Star anise (Illicium verum) is the dried pericarp of the fruit of an evergreen tree indigenous to Northern Vietnam and Southern China. It contains anethole, the same substance that gives anise its distinctive aroma. It has long been a common ingredient in Oriental cuisine; featuring in Indian Biryani and Masala, Chinese Five Spice mix, Malay Ketjap, Thai Seven Spice and Vietnamese Phò soup. Because it is far cheaper and easier to produce, star anise is steadily usurping some of the roles traditionally played by “real” anise. These include flavouring confectionary, Galliano liqueur and Mulled Wine.
In South Africa, its main uses in contemporary cuisine include fruit tarts and pies, barbecue sauces and bastings, punches and Glühwein, chutneys, Biryani and Durban Curry.
Tamarind. Sweet and tangy, tamarind is one of the widely used spice-condiments found in every South-Asian kitchen. It is used both as a spice and a souring agent. Tamarind tastes a bit like a date but is less sweet, and more acidic. It is a key ingredient in Worcestershire sauce. Tamarind or “Indian Date” (Tamarindus indica) is a very large tree with long, heavy drooping branches, and dense foliage. Completely grown-up tree might reach up to 80 feet in height. During each season, the tree bears curved fruit pods in abundance covering all over its branches. Each pod has hard outer shell encasing deep brown soft pulp enveloping around 2-10 hard dark-brown seeds.
In South Africa, tamarind has one main use: adding tartness to dishes that are inherently sweet. I use it in most curry dishes, and even in sweet-and-sour sosatie marinades.

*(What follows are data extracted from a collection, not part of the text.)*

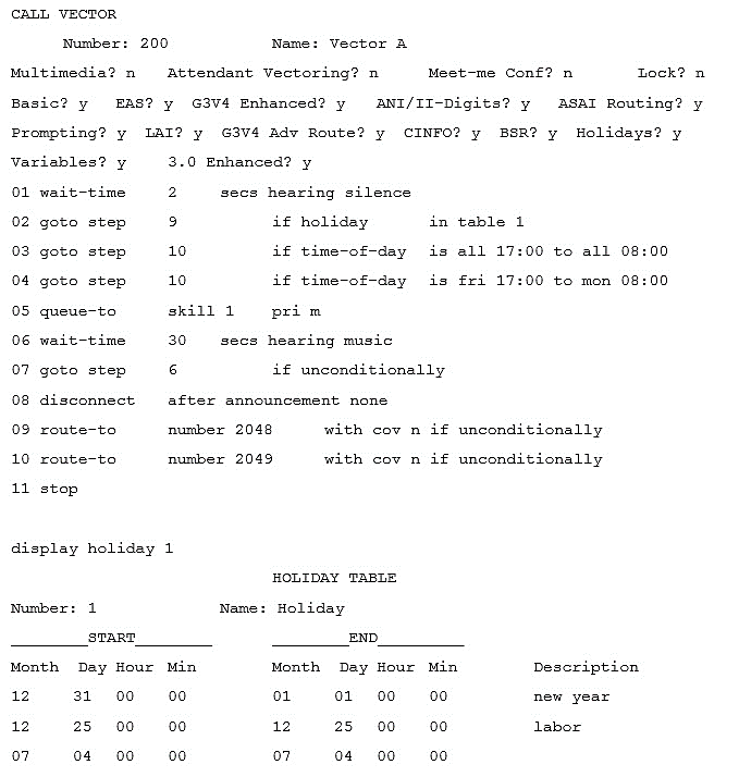 Given the information in the exhibit, what happens to a call if someone calls this vector on Tuesday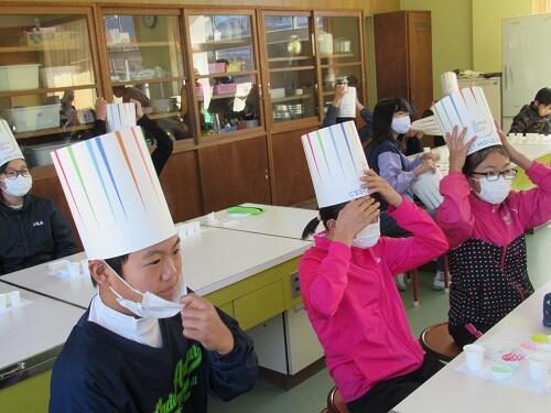 改めて、日本の椎茸のすばらしさを感じることができました。最後に、フランスから届いたというコック帽をかぶって、みんなで記念撮影をしました。楽しい楽しい授業でした。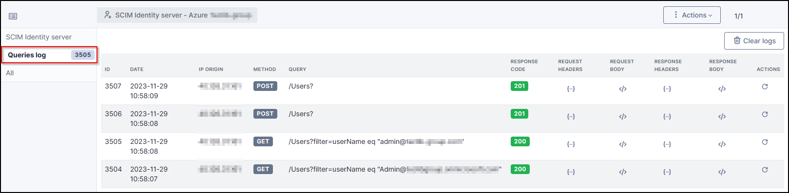 On the GLPI side, Go to the Request log section of your SCIM plugin Setup > SCIM identity servers to check that the accounts are correctly synchronised.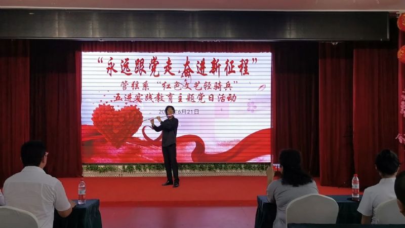 活动中,我系文艺轻骑兵积极参与到“永远跟党走 奋进新征程”的志愿服务演出中,2021级学生陈子阳以单簧管独奏《苏北调变奏曲》开场,赢得观众阵阵掌声;2020级学生孙路翔演奏的《梁祝》旋律凄美婉转、荡气回肠,观众很快被带入情境;2021级学生代京辰、陈子阳合奏的《一步之遥》热情奔放,展现了当代大学生积极向上的精神面貌;2020级学生韩佳君、孙路翔合奏的《月亮代表我的心》《亲爱的旅人》、2021级学生李金泽独奏的《听海》《回家》等节目接连上阵,精彩纷呈,最后,2021级学生冉宇杰、石现表演的《我的祖国》将演出推向高潮,乐曲嘹亮,气势恢宏,赢得观众一次又一次热烈的掌声。

Turmeric (Curcuma longa) is the product of a dried, ground, fleshy root which belongs to the ginger family (Zingiberaceae) which hails from Southern and South-Eastern Asia. It is prized for its brilliant yellow colour, much like saffron, although turmeric is not nearly as expensive. Apart from its numerous culinary uses, it is widely used in traditional Indian medicine or Siddha. Interestingly, its use as a colouring agent is not of primary importance in Indian cuisine but rather its “woodsy” flavor and scent. It is almost invariably one of the main components of curry mixes. Use it to brighten rice pilafs, curries, corn dishes, pickles, and relishes.
In South Africa, turmeric is mainly prized as a potent colouring agent, not just in Indian and Indo-Chinese cuisine, but even in dishes with European roots like Paella.

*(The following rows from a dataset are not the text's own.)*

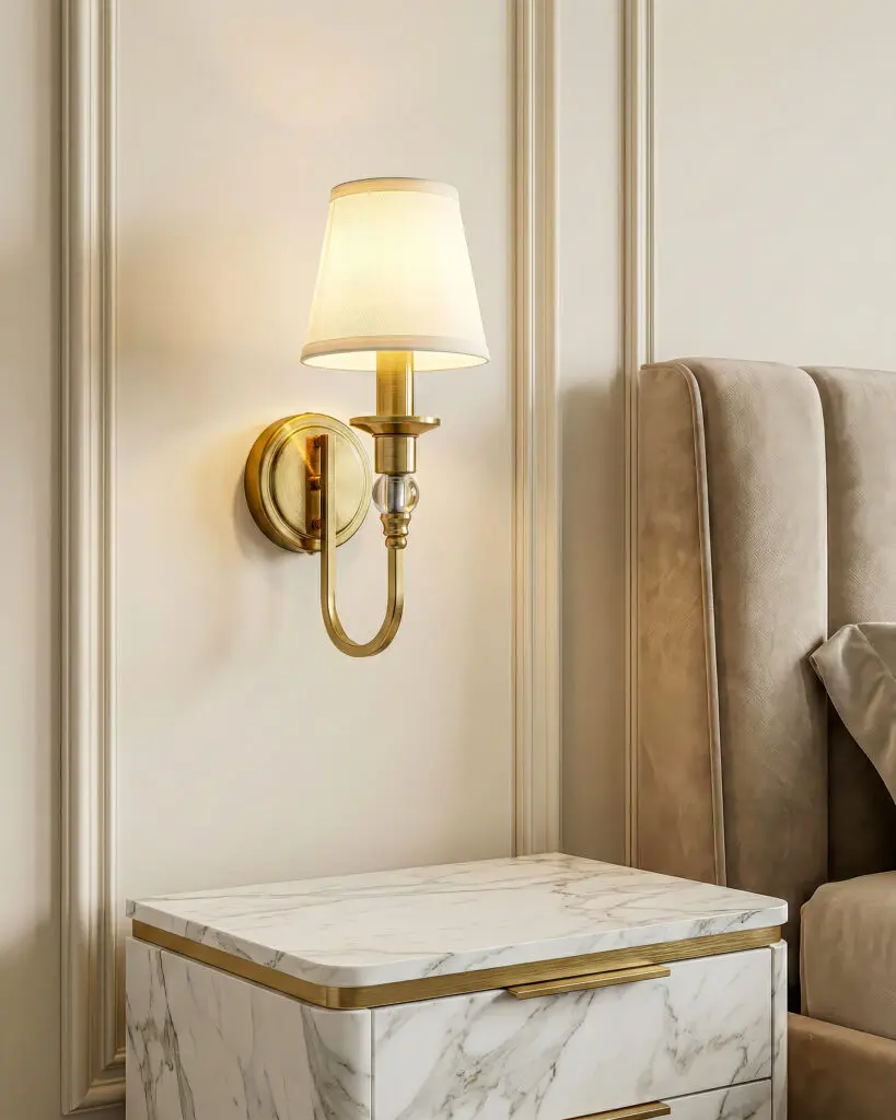 Ngoại hình tổng thể của Đèn Tường Đồng Cổ Điển này gây ấn tượng mạnh mẽ ngay từ cái nhìn đầu tiên với các đường nét mềm mại, thanh thoát và tinh tế. Khung đèn được thiết kế tỉ mỉ với từng chi tiết, tạo ra sự hài hòa tuyệt đối giữa chức năng chiếu sáng và thẩm mỹ. So sánh với các thiết kế đèn truyền thống, sản phẩm này sở hữu một phong cách hiện đại, giản dị nhưng không kém phần lộng lẫy, xứng đáng là điểm nhấn cho bất kỳ không gian nào. Đặc biệt, tính năng thiết kế mang đến cho sản phẩm này sự cân đối hoàn hảo, từ kích thước đến tỷ lệ giữa các bộ phận. Khung của đèn không chỉ chắc chắn mà còn tạo ra một cảm giác nhẹ nhàng, thanh thoát khi treo trên tường. Chi tiết viền vàng sang trọng và lớp chao đèn mềm mại mang lại độ ấm cần thiết cho mọi không gian, khiến cho nó trở thành lựa chọn lý tưởng cho cả phong cách cổ điển lẫn hiện đại.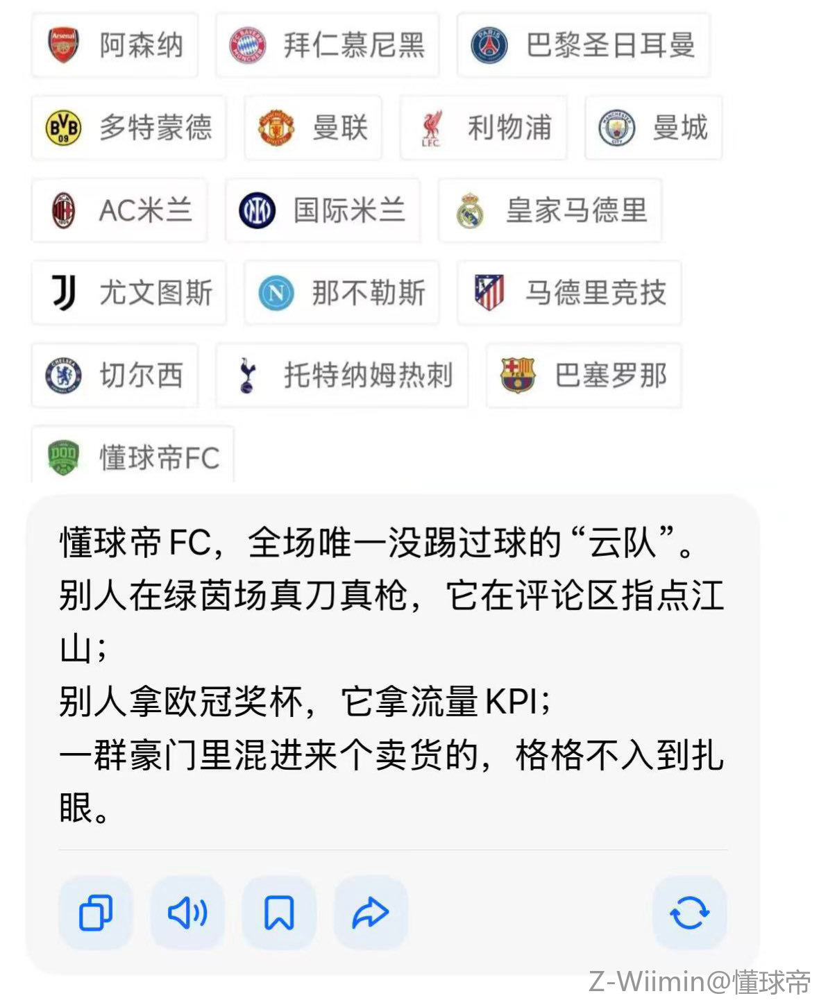 我没听说过懂球帝fc,它甚至不是一个豪门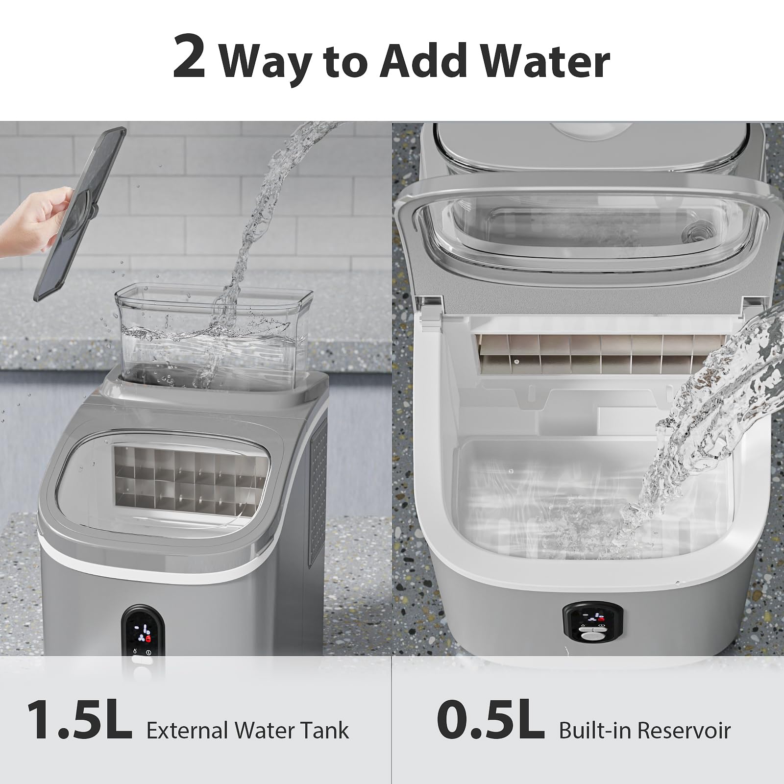 ใTwo Convenient Water Fill Optionsใ Flexibility for Any Situation! Add water easily through the dedicated 1.5L external removable water tank or directly into the 0.5L top-opening reservoir. This dual-design minimizes refills and provides convenience, allowing you to choose the best method for your kitchen setup and keep the ice production flowing.

Vanilla (Vanilla Planifolia) was used by the Aztecs to flavour their cacao-based drink xocoatl (chocolate). Montezuma, the Aztec emperor of Mexico, is said to have served it to the Spanish conquistador Hernán Cortés in 1520. Cortés then introduced cacao and vanilla beans to Europe. The vanilla bean is the fruit of an orchid. The vanilla orchid is one of only two orchids that produces something edible, the other being cardamom. Interestingly, fresh green vanilla beans have no taste or aroma. They must undergo an extensive curing process that results in the release of vanillin with its distinct aroma and flavour. Then they are left to mature for about three months in closed containers to develop their full aroma.
Vanilla is about much more than merely chocolate. It can be used to great effect in both sweet and savoury dishes; it flavours cake, custard, ice cream, crème bruleé, chicken with balsamic vinegar, vinaigrette, and kedgerees. Vanilla is marketed in three guises: dried pods (first prize), vanilla extract (cheaper and less PT) and vanilla essence (the ugly duckling).
I hope this - admittedly abbreviated – piece has added to your knowledge of spices, and spurred you on to experiment with them!